[Stored items]

★ ★ ★ ★ ★

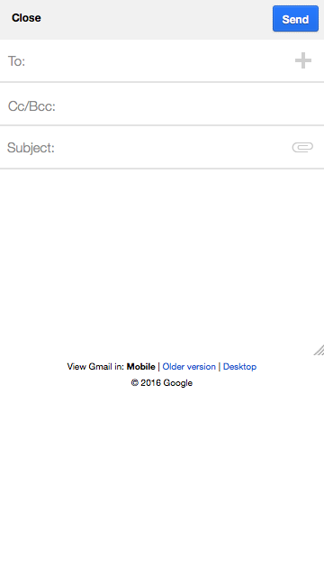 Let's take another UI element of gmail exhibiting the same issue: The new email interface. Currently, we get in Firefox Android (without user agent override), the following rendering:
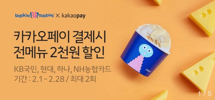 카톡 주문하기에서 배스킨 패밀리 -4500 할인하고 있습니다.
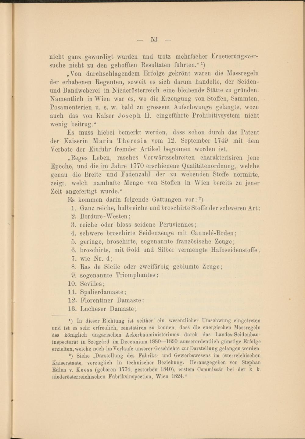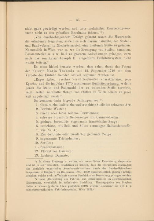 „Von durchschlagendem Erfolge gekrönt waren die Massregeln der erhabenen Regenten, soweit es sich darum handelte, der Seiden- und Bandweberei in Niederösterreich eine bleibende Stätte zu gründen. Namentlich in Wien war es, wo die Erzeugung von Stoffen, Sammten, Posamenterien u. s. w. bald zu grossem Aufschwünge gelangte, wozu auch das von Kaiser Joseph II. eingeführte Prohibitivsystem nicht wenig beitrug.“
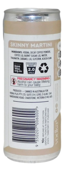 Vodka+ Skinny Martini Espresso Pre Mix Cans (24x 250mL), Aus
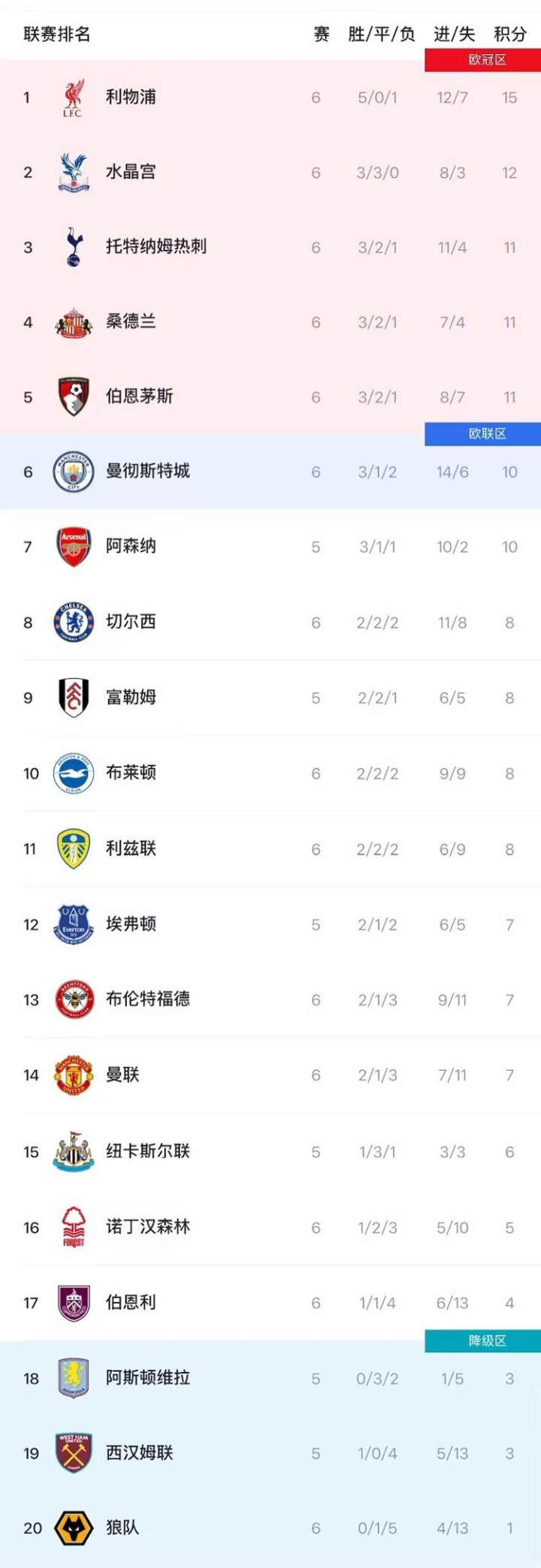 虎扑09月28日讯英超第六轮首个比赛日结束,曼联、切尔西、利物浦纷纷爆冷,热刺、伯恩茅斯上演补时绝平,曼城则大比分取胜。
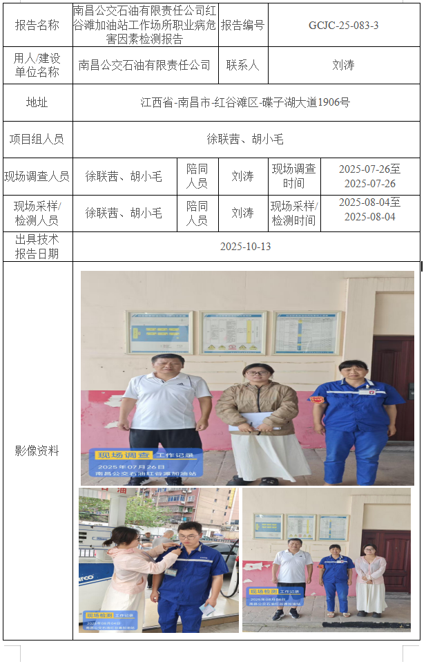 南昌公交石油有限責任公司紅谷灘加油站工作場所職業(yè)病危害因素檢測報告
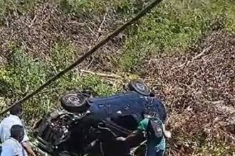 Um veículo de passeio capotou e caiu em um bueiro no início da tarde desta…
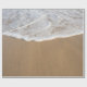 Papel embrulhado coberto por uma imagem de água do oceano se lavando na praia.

★ ★ ★ ★ ★

Please print the span that begins at the line holding "南昌公交石油有限責任公司紅谷灘加油站工作場所職業(yè)病危害因素檢測報告" and ends at the last line of the data, both ends included, with no pictures.

Solution:
 南昌公交石油有限責任公司紅谷灘加油站工作場所職業(yè)病危害因素檢測報告
 Um veículo de passeio capotou e caiu em um bueiro no início da tarde desta…
 Papel embrulhado coberto por uma imagem de água do oceano se lavando na praia.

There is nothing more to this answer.